People keep asking me how my family is doing in Haiti and want to help. Positive: ppl are kind. Negative: ppl have no idea where I'm from.
[Her parents are from the South Pacific and she describes her ethnicity as Desi. So, nowhere near Haiti. But since she grew up in different places in the US and now lives in the Pacific Northwest, even she says if you want to know where she's from, prepare to sit down.]

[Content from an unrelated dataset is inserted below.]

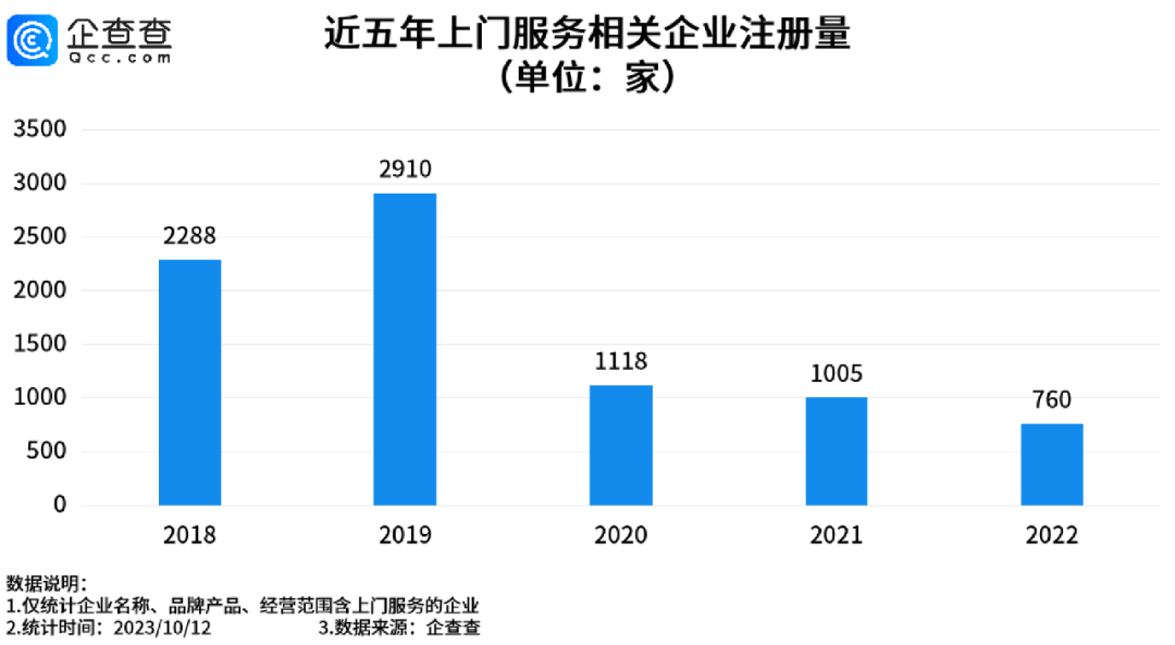 近两年,我国上门服务相关企业数量增长也很快。企查查数据显示,我国现存上门服务相关企业超1.4万家,涵盖了外卖、家政、洗衣、美甲、按摩、维修、生鲜等各个领域。2018-2022年,我国分别新增上门服务相关企业2288家、2910家、1118家、1005家、760家。2023年至今(2023.1.1-10.12),我国新增上门服务相关企业255家。(注:仅统计企业名称、产品名称、经营范围含上门服务的企业)

I know the feeling, a bit. My family is from Kentucky but I grew up in five different states and about nine different locations, with two kindergartens, two elementary schools, three junior highs, and two high schools (is it any wonder I didn't acquire any social skills until I was an adult?) The life of a military brat is complicated sometimes. I once told someone I was from Louisiana (because I spent the longest there, and we were talking about Cajun food, and I was trying to impress her, and it just slipped out that way), despite being born in Kentucky and being a ninth-generation Kentuckian, and a friend has never let me forget it. But at least I was born in a town where my family lived and came back in time to graduate from high school there, so I can say that Danville, Kentucky is my hometown. Still, I wasn't raised there, so it gets a little weird if you go further than that. And of course, I've lived over half my life now in Lexington, so it really is home.
How about you? Do you have a place you identify with more than a hometown, really?